* _Try it_
From the line containing "311000107 Лента светодиодная" down to the line containing "1月1日,节后A股这些股票有", copy out the entries below exactly, both lines included, and nothing else; pictures do not belong in the copy.

* _Dataset_
++++++

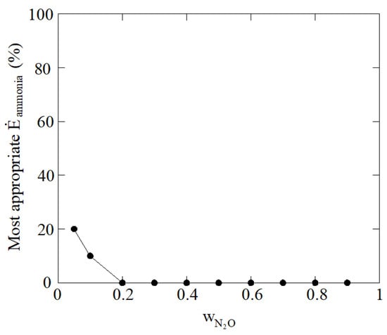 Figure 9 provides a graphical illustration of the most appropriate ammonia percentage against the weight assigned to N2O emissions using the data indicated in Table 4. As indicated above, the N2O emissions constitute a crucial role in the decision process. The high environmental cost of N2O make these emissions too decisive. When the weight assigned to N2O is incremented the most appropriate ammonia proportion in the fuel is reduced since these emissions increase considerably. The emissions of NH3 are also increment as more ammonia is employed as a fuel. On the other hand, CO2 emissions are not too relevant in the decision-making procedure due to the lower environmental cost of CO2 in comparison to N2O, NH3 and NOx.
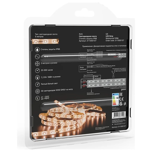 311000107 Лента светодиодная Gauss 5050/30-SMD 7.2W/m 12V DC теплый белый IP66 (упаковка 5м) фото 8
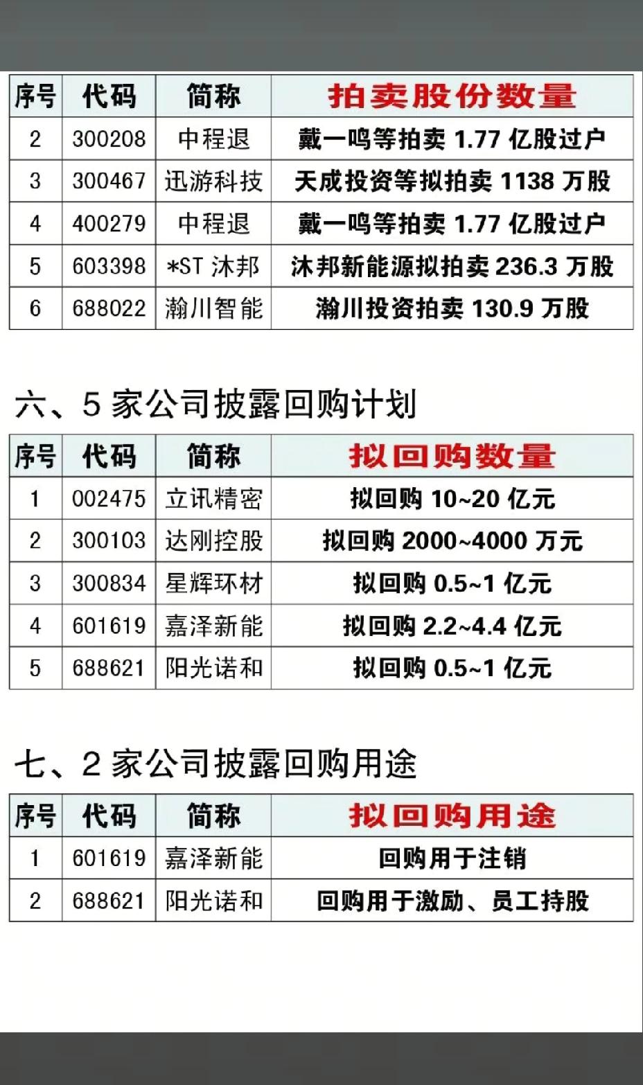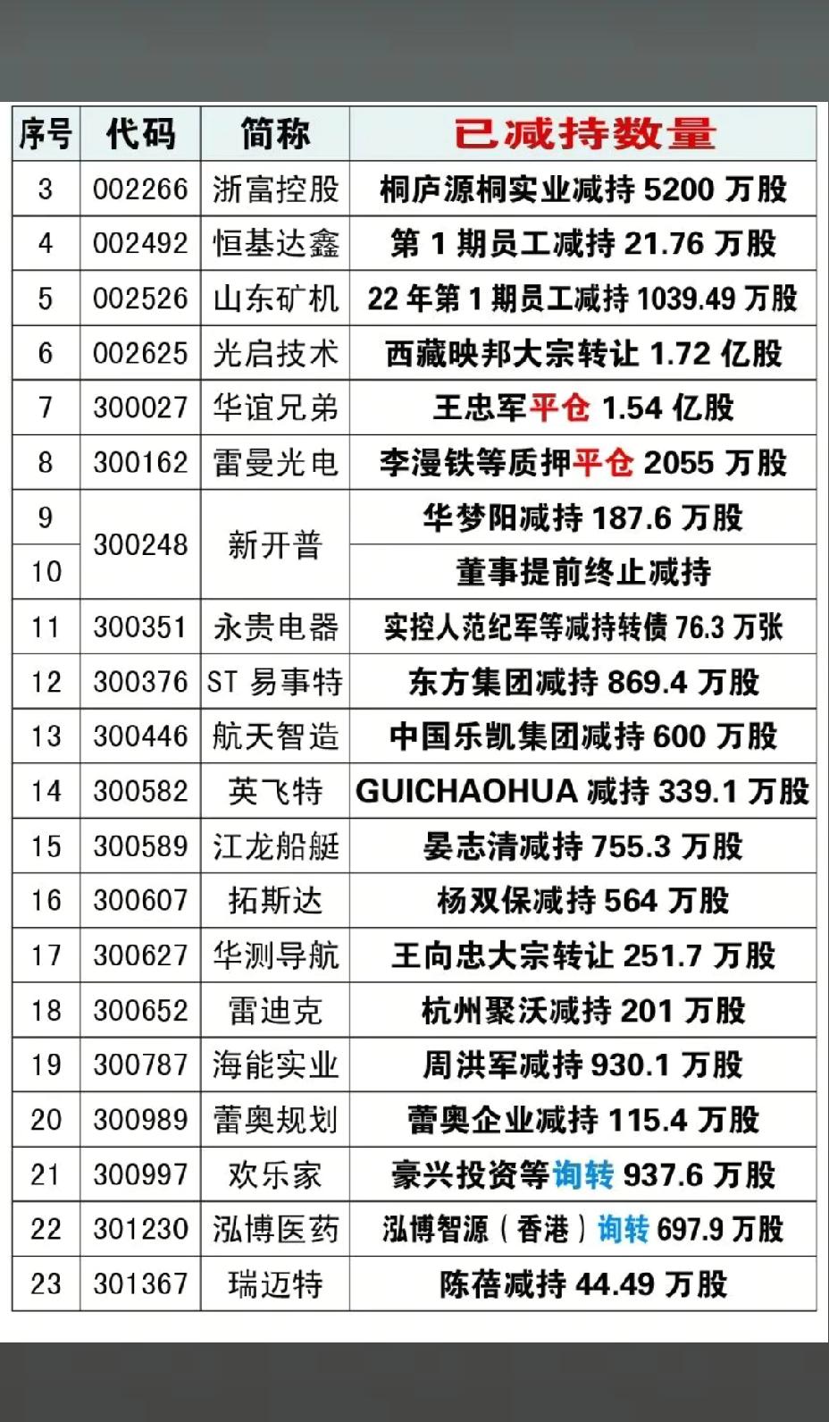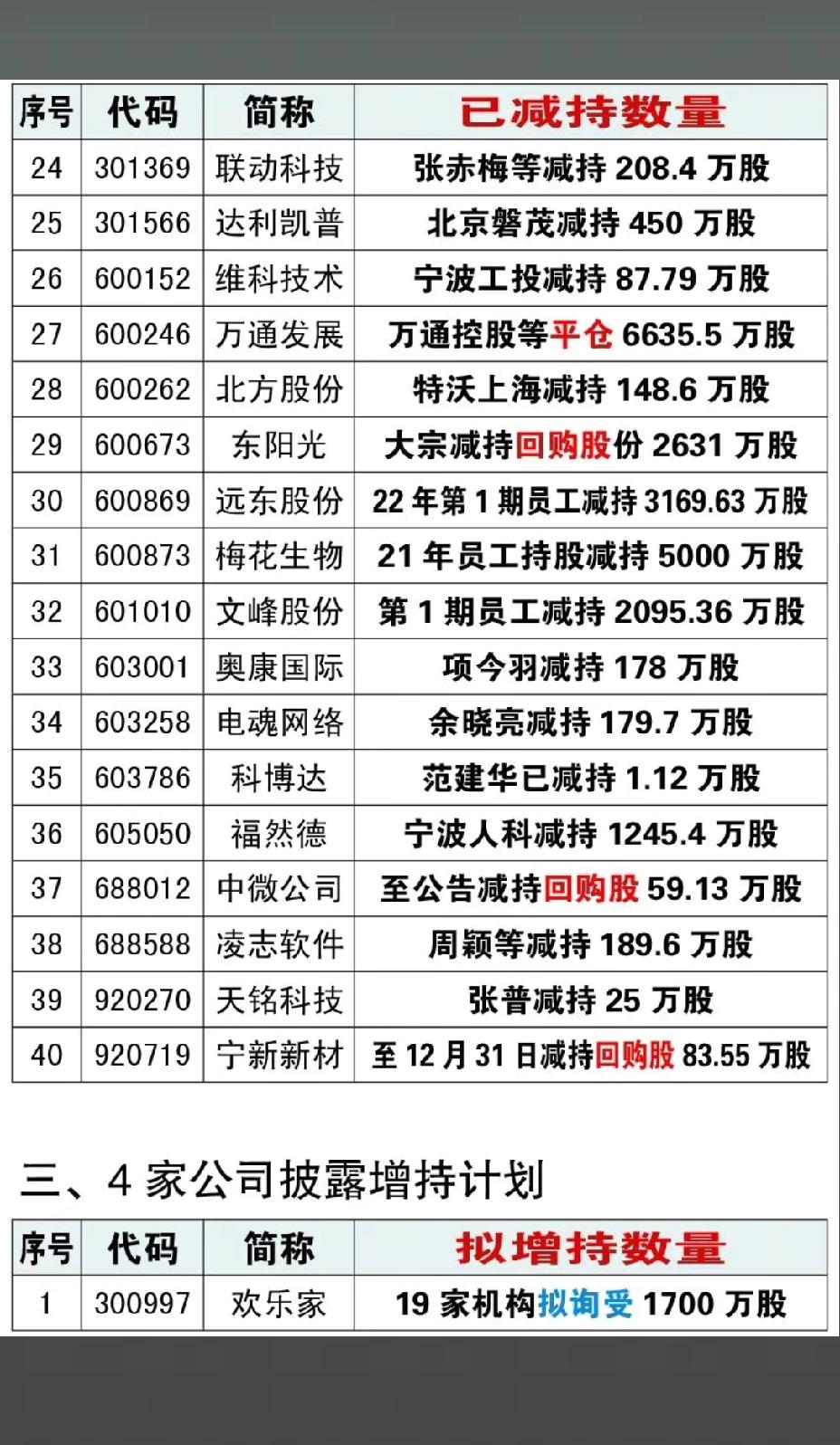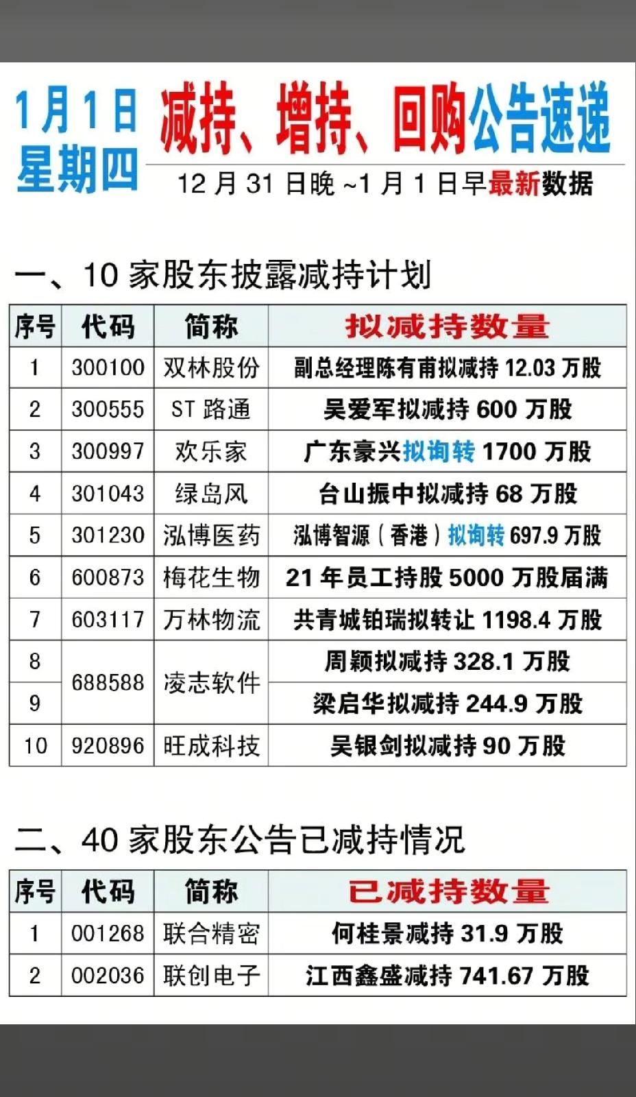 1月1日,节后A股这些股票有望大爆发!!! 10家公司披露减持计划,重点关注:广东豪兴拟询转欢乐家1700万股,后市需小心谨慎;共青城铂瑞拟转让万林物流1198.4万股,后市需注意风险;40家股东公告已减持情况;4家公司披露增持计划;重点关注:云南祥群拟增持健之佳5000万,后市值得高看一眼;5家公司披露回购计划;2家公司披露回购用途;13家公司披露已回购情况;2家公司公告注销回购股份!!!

++++++

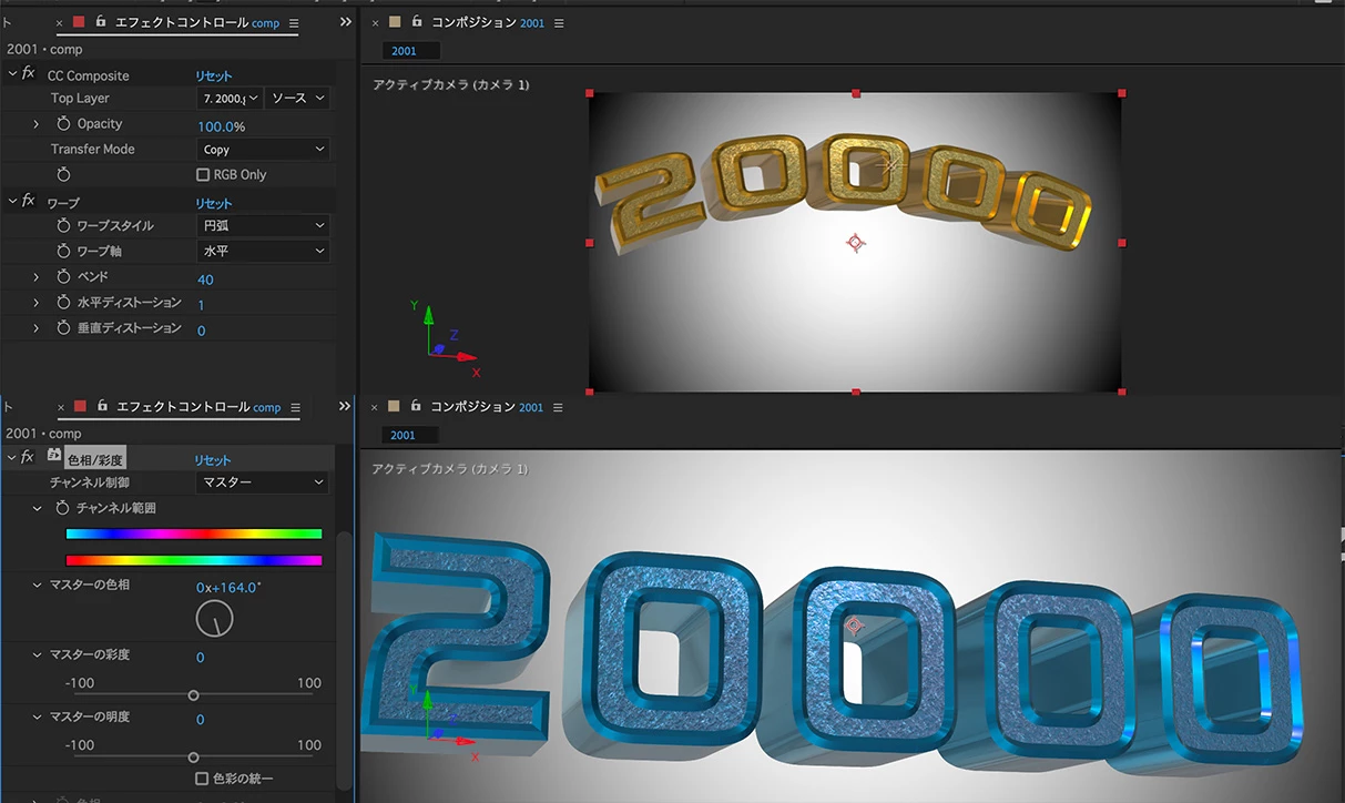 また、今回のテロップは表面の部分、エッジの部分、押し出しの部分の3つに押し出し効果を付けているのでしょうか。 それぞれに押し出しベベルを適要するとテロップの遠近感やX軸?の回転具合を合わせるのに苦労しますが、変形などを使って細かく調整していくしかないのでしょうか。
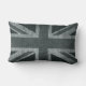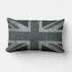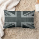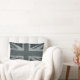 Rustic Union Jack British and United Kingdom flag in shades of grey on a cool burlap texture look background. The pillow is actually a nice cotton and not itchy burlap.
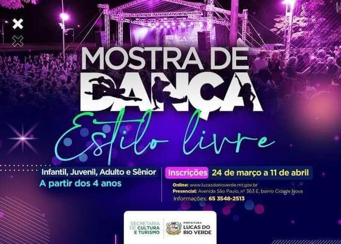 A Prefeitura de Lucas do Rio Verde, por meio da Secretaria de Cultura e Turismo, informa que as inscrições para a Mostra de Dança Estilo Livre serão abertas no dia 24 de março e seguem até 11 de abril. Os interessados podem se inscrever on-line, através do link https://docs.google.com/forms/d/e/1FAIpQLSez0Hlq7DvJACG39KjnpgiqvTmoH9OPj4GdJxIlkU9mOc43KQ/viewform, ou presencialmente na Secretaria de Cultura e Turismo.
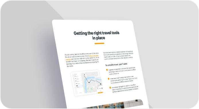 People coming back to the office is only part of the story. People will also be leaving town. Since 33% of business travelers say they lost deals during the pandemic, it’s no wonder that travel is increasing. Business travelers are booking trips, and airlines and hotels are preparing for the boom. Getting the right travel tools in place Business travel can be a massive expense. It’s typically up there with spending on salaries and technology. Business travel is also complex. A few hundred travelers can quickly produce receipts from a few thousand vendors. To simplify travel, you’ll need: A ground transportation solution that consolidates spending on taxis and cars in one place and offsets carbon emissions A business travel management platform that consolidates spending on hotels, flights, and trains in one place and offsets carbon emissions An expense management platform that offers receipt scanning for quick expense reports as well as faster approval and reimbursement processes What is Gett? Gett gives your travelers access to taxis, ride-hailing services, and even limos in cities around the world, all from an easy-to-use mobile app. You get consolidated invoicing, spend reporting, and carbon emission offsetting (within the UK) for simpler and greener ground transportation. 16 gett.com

++++++

* _Reply to the exercise_
 311000107 Лента светодиодная Gauss 5050/30-SMD 7.2W/m 12V DC теплый белый IP66 (упаковка 5м) фото 8
 1月1日,节后A股这些股票有望大爆发!!! 10家公司披露减持计划,重点关注:广东豪兴拟询转欢乐家1700万股,后市需小心谨慎;共青城铂瑞拟转让万林物流1198.4万股,后市需注意风险;40家股东公告已减持情况;4家公司披露增持计划;重点关注:云南祥群拟增持健之佳5000万,后市值得高看一眼;5家公司披露回购计划;2家公司披露回购用途;13家公司披露已回购情况;2家公司公告注销回购股份!!!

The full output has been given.